* _Task to complete_
Each line of the data below from the one holding "Dengshitang AS7341 visible" to the one holding "Уважаемые жители г.Славянска", inclusive, is to be reproduced exactly; no other line belongs in the answer.

* _Source data_

· · · · · · ·

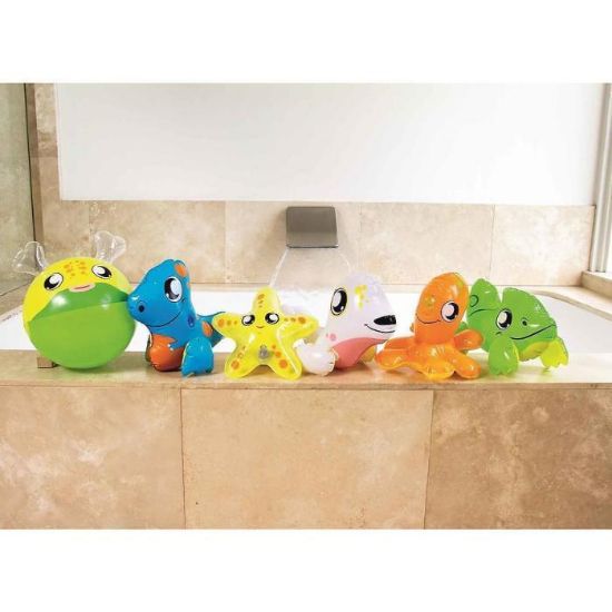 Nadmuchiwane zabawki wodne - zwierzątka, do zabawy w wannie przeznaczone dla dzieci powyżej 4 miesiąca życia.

· · · · · · ·

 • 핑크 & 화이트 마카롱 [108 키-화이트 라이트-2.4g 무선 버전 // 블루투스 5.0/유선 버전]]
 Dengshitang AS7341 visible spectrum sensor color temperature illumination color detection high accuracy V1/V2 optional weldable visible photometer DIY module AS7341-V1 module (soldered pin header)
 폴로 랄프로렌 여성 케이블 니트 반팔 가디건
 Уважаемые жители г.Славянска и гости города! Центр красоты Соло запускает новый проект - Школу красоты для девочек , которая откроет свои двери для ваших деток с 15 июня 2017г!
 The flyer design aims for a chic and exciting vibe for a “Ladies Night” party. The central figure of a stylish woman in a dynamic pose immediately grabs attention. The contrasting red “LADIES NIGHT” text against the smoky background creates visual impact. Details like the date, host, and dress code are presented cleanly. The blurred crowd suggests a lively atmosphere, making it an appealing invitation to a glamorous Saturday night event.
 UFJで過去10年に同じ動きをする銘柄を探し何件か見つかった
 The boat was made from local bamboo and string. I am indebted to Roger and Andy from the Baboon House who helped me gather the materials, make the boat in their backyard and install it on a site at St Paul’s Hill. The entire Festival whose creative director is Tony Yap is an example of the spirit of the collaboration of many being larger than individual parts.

· · · · · · ·

* _Solution to the problem_
 Dengshitang AS7341 visible spectrum sensor color temperature illumination color detection high accuracy V1/V2 optional weldable visible photometer DIY module AS7341-V1 module (soldered pin header)
 폴로 랄프로렌 여성 케이블 니트 반팔 가디건
 Уважаемые жители г.Славянска и гости города! Центр красоты Соло запускает новый проект - Школу красоты для девочек , которая откроет свои двери для ваших деток с 15 июня 2017г!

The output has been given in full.